Yes, there have been people of late who talk that software is now mathematically provable, but I have yet to find a complete argument which proves this beyond doubt. I am still of the opinion that the problem is still so complicated that it is not worth a lot of discussion -- even for small portions of a kernel.

Quote:

I think if OpenBSD dev community managed to write some small part of OpenBSD in a mathematically proven way, they would learn something while doing it, that would in the long therm improve code quality of the rest of the project as well.

Your argument implies that all details are known -- all bugs existing in the compilers or interpreters used as well as the processor itself. I can tell you from experience that hardware manufacturers don't make all bugs public. Trying to "prove" correctness cannot get around the politics and impracticality of trying to expose all details that manufacturers are not willing to air to the world.

Quote:

If so is C the language for the further for OpenBSD, or are more complex compilers/languages like Rust needed to improve code correction to a level where it can be mathematically somewhat proven?

Again, the argument does not take into account the realities of implementation issues. Some compilers are better at translating higher level logic into processor instructions than other tools. So when others claim that they have mathematically proven the correctness of a particular chunk of software, do they say on what processor using a specific set of tools? If they don't, what is it that they are proving?

And when the tools change, are "they" going back & re-verifying that all translations used in the previous verification are still exactly the same with a newer toolchain? Proving correctness then becomes a never-ending process, and who is going to do this? And how fast can they do it? And are they testing on an ecosystem of hardware & software that resembles my hardware & software of choice?

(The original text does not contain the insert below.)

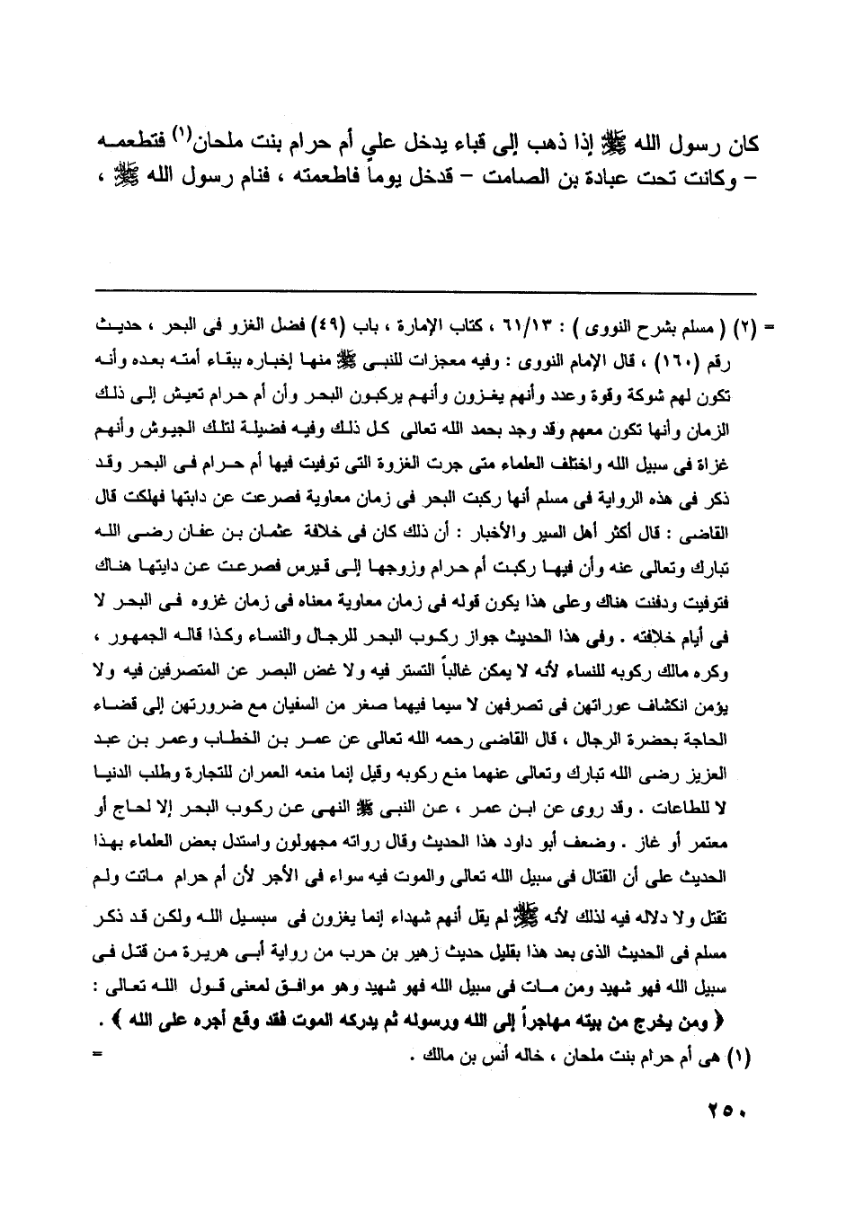 [ () ] (2) (مسلم بشرح النووي) : 13/ 61، كتاب الإمارة، باب (49) فضل الغزو في البحر، حديث رقم (160) ، قال الإمام النووي: وفيه معجزات للنّبيّ صلى اللَّه عليه وسلّم منها إخباره ببقاء أمته بعده وأنه تكون لهم شوكة وقوة وعدد وأنهم يغزون وأنهم يركبون البحر وأن أم حرام تعيش إلى ذلك الزمان وأنها تكون معهم وقد وجد بحمد اللَّه تعالى كل ذلك وفيه فضيلة لتلك الجيوش وأنهم غزاة في سبيل اللَّه واختلف العلماء متى جرت الغزوة التي توفيت فيها أم حرام في البحر وقد ذكر في هذه الرواية في مسلم أنها ركبت البحر في زمان معاوية فصرعت عن دابتها فهلكت قال القاضي: قال أكثر أهل السير والأخبار: أن ذلك كان في خلافة عثمان بن عفان رضى اللَّه تبارك وتعالى عنه وأن فيها ركبت أم حرام وزوجها إلى قيرس فصرعت عن دايتها هناك فتوفيت ودفنت هناك وعلى هذا يكون قوله في زمان معاوية معناه في زمان غزوة في البحر لا في أيام خلافته. وفي هذا الحديث جواز ركوب البحر للرجال والنساء كذا قاله الجمهور، وكره مالك ركوبه للنساء لأنه لا يمكن غالبا التستر فيه ولا غض البصر عن المتصرفين فيه ولا يؤمن انكشاف عوراتهن في تصرفهن لا سيما فيهما صغر من السفيان مع ضرورتهن إلى قضاء الحاجة بحضرة الرجال، قال القاضي رحمه اللَّه تعالى عن عمر بن الخطاب وعمر بن عبد العزيز رضى اللَّه تبارك وتعالى عنهما منع ركوبه وقيل إنما منعه العمران للتجارة وطلب الدنيا لا للطاعات. وقد روى عن ابن عمر، عن النبي صلى اللَّه عليه وسلّم النهى عن ركوب البحر إلا لحاج أو معتمر أو غاز. وضعف أبو داود هذا الحديث وقال رواته مجهولون واستدل بعض العلماء بهذا الحديث على أن القتال في سبيل اللَّه تعالى والموت فيه سواء في الأجر لأن أم حرام ماتت ولم تقتل ولا دلالة فيه لذلك لأنه صلى اللَّه عليه وسلّم لم يقل أنهم شهداء إنما يغزون في سبيل اللَّه ولكن قد ذكر مسلم في الحديث الّذي بعد هذا بقليل حديث زهير بن حرب من رواية أبى هريرة من قتل في سبيل اللَّه فهو شهيد ومن مات في سبيل اللَّه فهو شهيد وهو موافق لمعنى قول اللَّه تعالى:

I know there are those that claim that the abstractions implemented by languages such as Rust are "significantly better than C", but show me a perfect Rust compiler. There isn't one, just like there isn't a perfect C compiler. Making claims of "my memory model is better than your memory model" don't hold a lot of weight either because it all comes down to what is the implementation doing on a specific piece of hardware. If you dig into the history of OpenBSD's tools, you will find that there are a number of compiler fixes implemented by the project developers to the compilers used in the various OpenBSD platform supported. No other platform implements everything used here. And there is likely other projects which implement compiler fixes which are not universally shared everywhere, too.

So how does this fall into your argument of "mathematically proving" the OpenBSD system? Who is doing the proving on what platform using what toolchain? I don't ever see this level of detail stated in the underlying provability claims. If these details are not being aired openly, I question what it is that is being proven. Again, the fundamental problem is so complicated that many will say that their time is better spent doing other things. I tend to agree with them.

[e1-531g]

@ocicat
Mathematically proven software often have not one, but a several of them. Each proof is about one thing.
A lot of your doubts are addressed by seL4's FAQ.
https://wiki.sel4.systems/FrequentlyAskedQuestions
https://sel4.systems/Info/FAQ/proof.pml

Mathematically proven software competes with high-assurance software. Software is used not only by laptops, smartphones and servers. There are also microcontrollers found in cars, planes. Software found in them is more stable (or at least should be because life depends on it and it is doable) than OpenBSD, Gnu/Linux, Windows and any other general-purpose operating system by a few orders of magnitude. There are people who know how to do it.

Of course verification of all OpenBSD code is beyond Project resources and I doubt that even biggest IT corporations could do that.